When you're a bank you've got two types of clients. One type gives you money to look after, and the other type you loan money out to. Having these two types of clients is basically what makes you a bank. So in that first column, there's the pension fund that Tony set up for his employees. He pays a bunch of cash in now, and expects to get it back with some interest when his employees retire so they can afford properly negligent and abusive hospice care. So Mikey Jr has that money to look after. This is where his other type of client comes in. He can check out businesses, and lend to them if he likes whatever project they need cash to get going, demanding a big payback down the road. Or, if he doesn't want to do all the work checking this company out himself, he can ditch the boring world of savings and loan banking and just start buying bonds from these companies based on what Moody's says. And the best part of this is that if he has a bond that pays back $1500 in 5 years but he needs the money now, he doesn't wait, he can sell it for $800, and whoever buys it can be the one to sit around and wait for the big payout. He just needs to sit at his little computer, and he can buy and sell bonds all day.

From his point of view, buying a bond is just giving someone some money now in return for getting more money later, and a mortgage is exactly the same thing. You give someone money to buy a house now, and then they pay you back in little drabs every month for the next 30 years. Cash goes out now, and (more) cash comes in later.

But then Mikey can get even smarter still. Why bother holding on to all those bonds and mortgages when he can just sell them (for a fee naturally) to the pension fund, and THEY can hold on to the suckers themselves? But there's a problem here. Lots of pension funds, and other such organizations don't want to buy mortgages because they're too risky. Last thing they want is to buy up a bunch of mortgages (meaning they pay someone for the privilege of receiving all the monthly payments that will be made on it in future) and then have a bunch of those houses default on them (as home owners are wont to do), and then they have nothing for their people to retire on. A lot of these funds have explicit rules saying things like "we only buy things rated A+ or better."... but mortgages aren't rated by credit agencies. And even if they were, they wouldn't be rated that high.

Here comes the game changing wrinkle. This is the bit that this whole story has been leading up to. This is the big idea. What some overly smart person realized is that while any given mortgage (or bond, or whatever) might go bankrupt and default on you, if you take a whole bunch of them and pipe the incoming money into one bucket, then the bucket might not end up fill all the way up as high as it should if EVERYONE paid, but it's certainly not going to end up empty either. SOME of those payments are bound to work out. So here's the clever plan: You take this bucket into which all the mortgages are paying, and you label the bottom third of it the "senior tranche." That means that when it's time to empty the bucket, people who have bought rights to the bottom third get first dibs on whatever is there, and they are pretty much guaranteed to be in luck. Then you can call the middle third the "mezzanine tranche" and the top third the "junior tranche." If you buy the junior tranche, you're only getting paid back if enough mortgages paid in enough cash for the bucket to get filled up high enough. The junior tranche therefore sells pretty cheap. The senior tranche OTOH will cost you. It's like buying IBM's bond instead of Tony's, you pretty much KNOW it's coming through.
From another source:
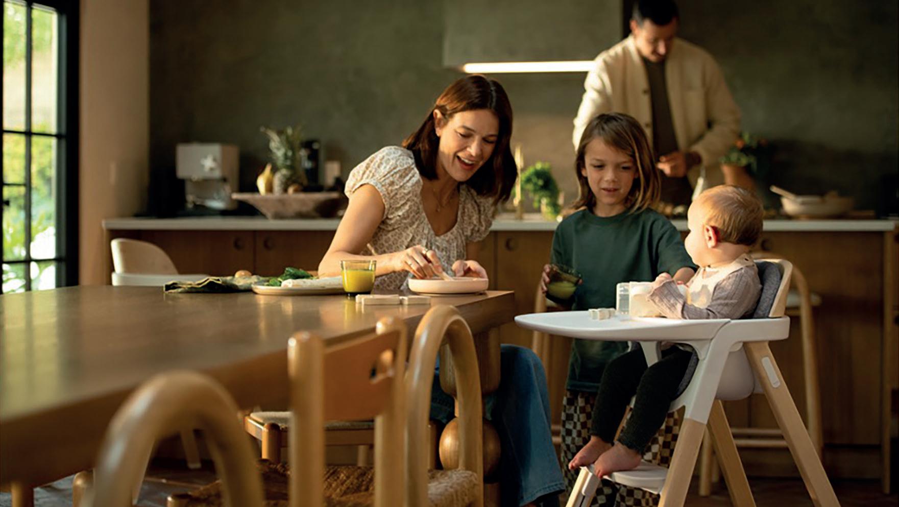 The multi-position recline creates a cosy chair to cradle baby comfortably. In booster mode, the seat can be attached easily to a dining chair, allowing little one to be included in family mealtimes. uksales@joiebaby.com www.joiebaby.com

And when Tony Jr. takes a bunch of bonds or mortgages (or bonds or whatever) and does this, he has now "structured" them into a "structured investment vehicle." In this case, specifically, it would be a "collateralized debt obligation" (yep, the CDO's we hear so much about).

And what is so great about doing this? Well, those rating agencies who wouldn't touch mortgages were fine with putting AAA ratings on those super safe senior tranche's, and when those tranches have AAA ratings, pension plans and mutual funds and suchlike are now comfortable buying them. Tony Jr. has put himself on the gravy train.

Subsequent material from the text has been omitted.